Task goal: The required output is an exact restatement of the lines, starting with the one that contains "Bếp gas dương" and finishing with the last line of the listing. It contains no pictures.

Dataset excerpt:
>>

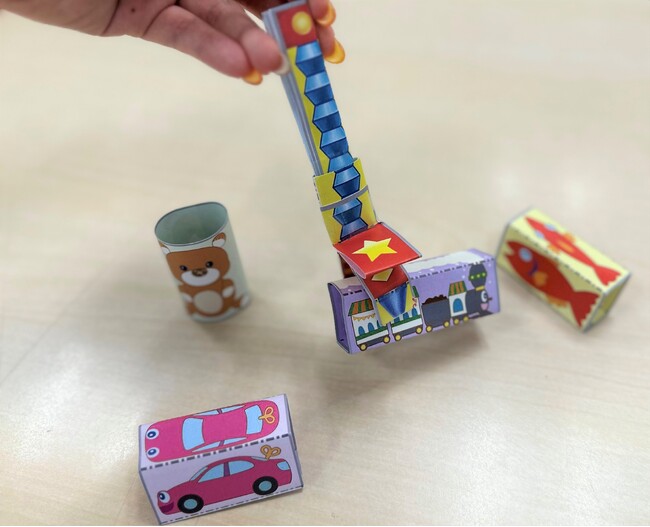 平面の紙から立体に組み立てていくことで、空間認識力が高まります。
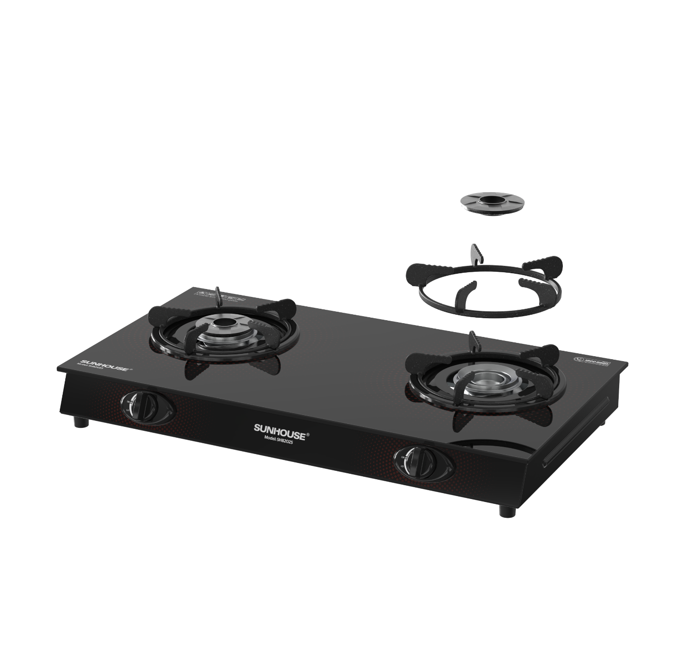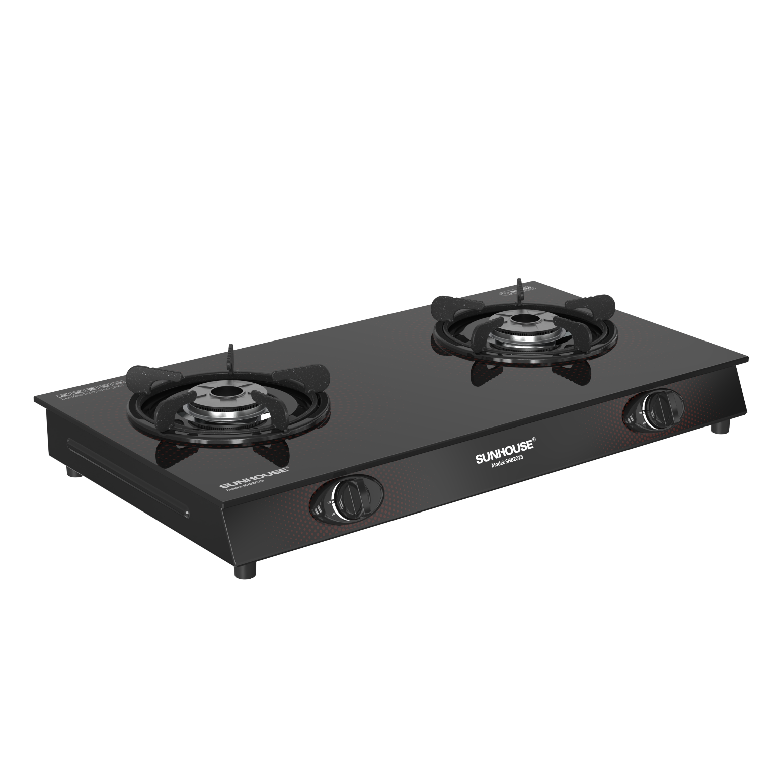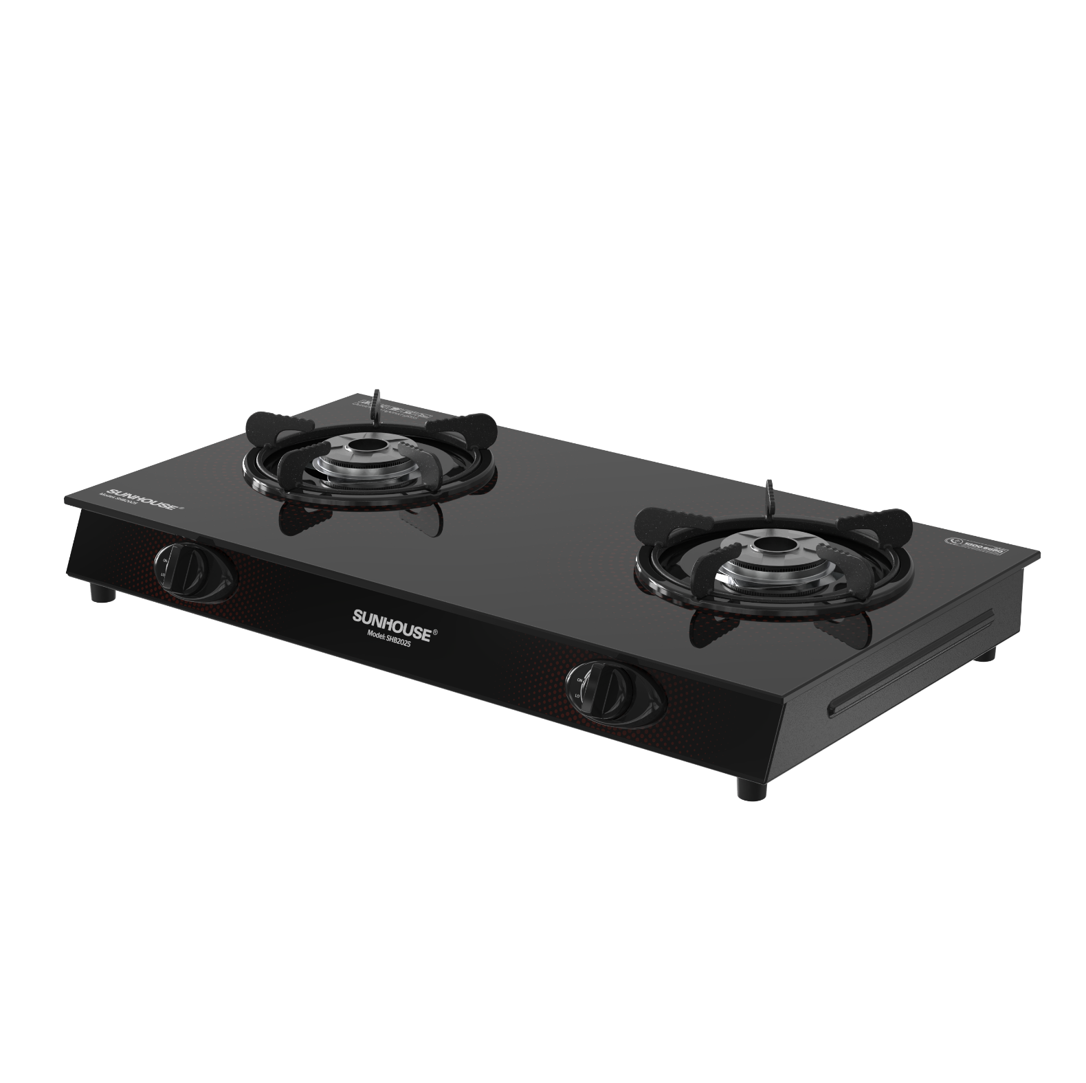 Bếp gas dương kính SUNHOUSE SHB2025 có 2 vùng đun, điều khiển lửa to, nhỏ bằng núm vặn tiện lợi, chế biến được nhiều món ăn cùng lúc. Mặt kính với gam màu đen trang nhã, sang trọng kết hợp cùng hoạ tiết kẻ sọc tinh tế.
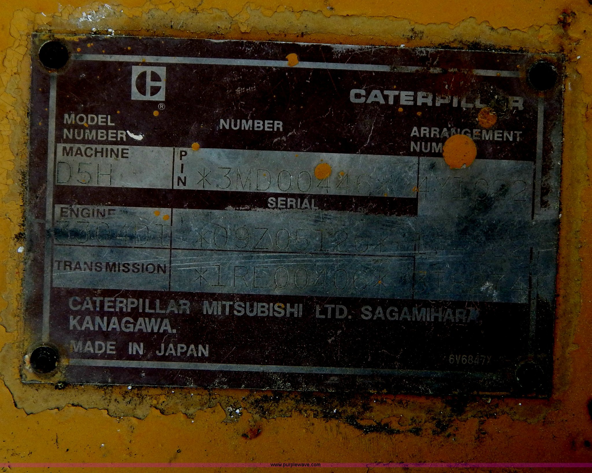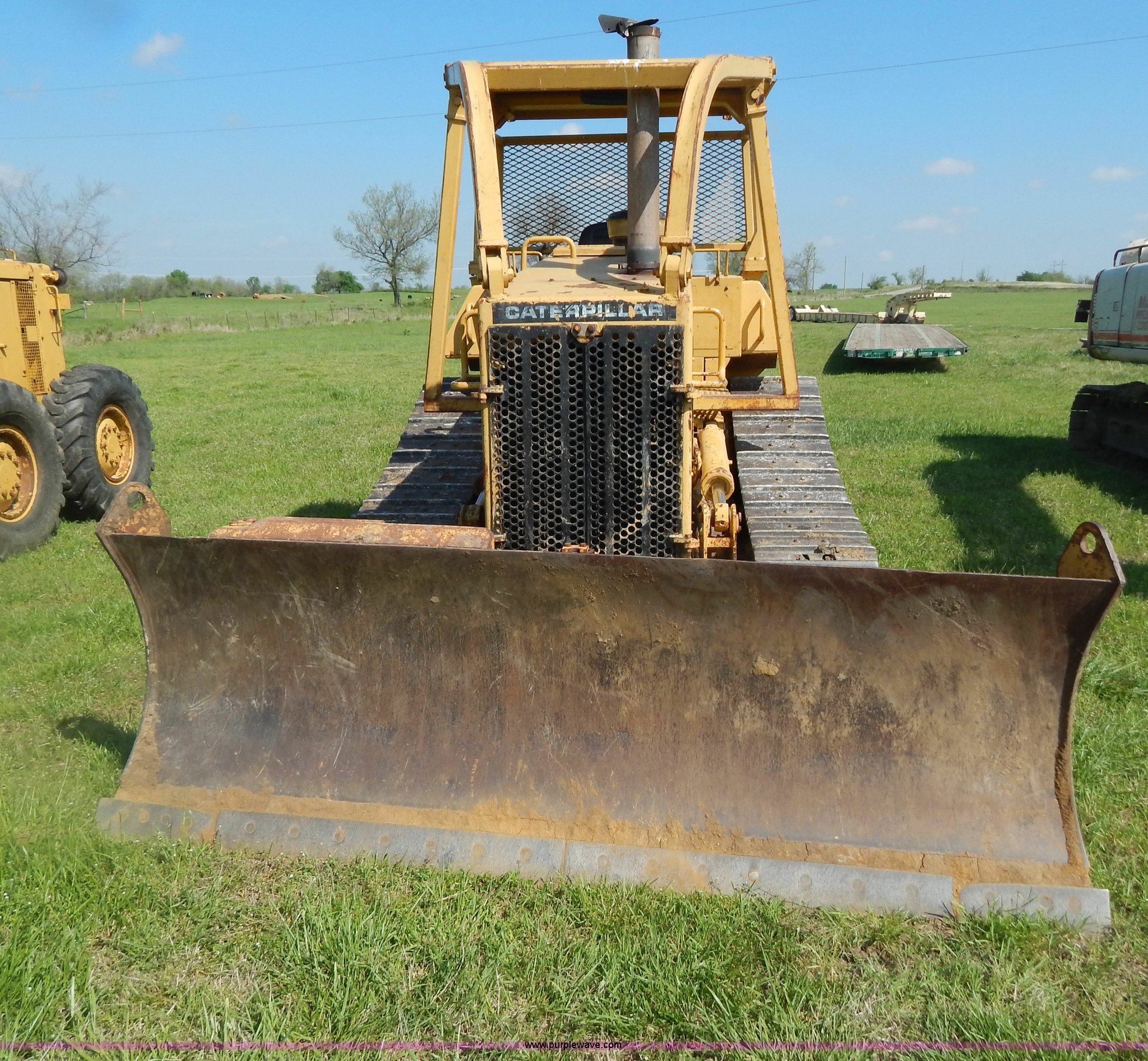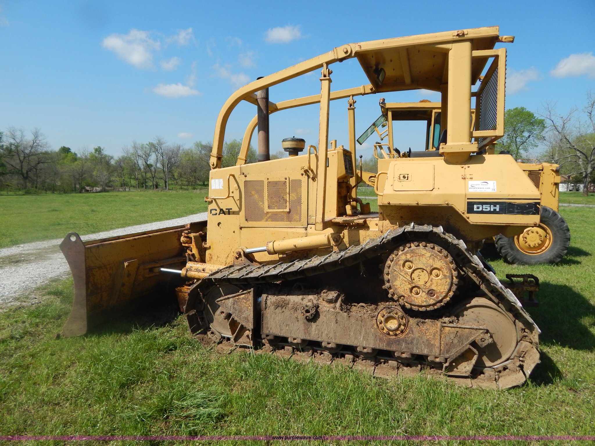Purple Wave is selling a used Crawler Dozer in Oklahoma. This item is a 1986 Caterpillar D5H dozer with the following: 2,022 hours on meter, Caterpillar 3304 DI diesel engine, Serial 09205126, Powershift transmission, 3F-3R gears, Serial 1RE00406, OROPS with sweeps, Joystic blade control, 10.5'W six way blade, Smooth bolt on cutting edge, 20"W track pads, (6) bottom rollers, Rear pin hitch, 26,641 lbs. base operating weight, Serial 3MD00446

<<

Expected output:
 Bếp gas dương kính SUNHOUSE SHB2025 có 2 vùng đun, điều khiển lửa to, nhỏ bằng núm vặn tiện lợi, chế biến được nhiều món ăn cùng lúc. Mặt kính với gam màu đen trang nhã, sang trọng kết hợp cùng hoạ tiết kẻ sọc tinh tế.
Purple Wave is selling a used Crawler Dozer in Oklahoma. This item is a 1986 Caterpillar D5H dozer with the following: 2,022 hours on meter, Caterpillar 3304 DI diesel engine, Serial 09205126, Powershift transmission, 3F-3R gears, Serial 1RE00406, OROPS with sweeps, Joystic blade control, 10.5'W six way blade, Smooth bolt on cutting edge, 20"W track pads, (6) bottom rollers, Rear pin hitch, 26,641 lbs. base operating weight, Serial 3MD00446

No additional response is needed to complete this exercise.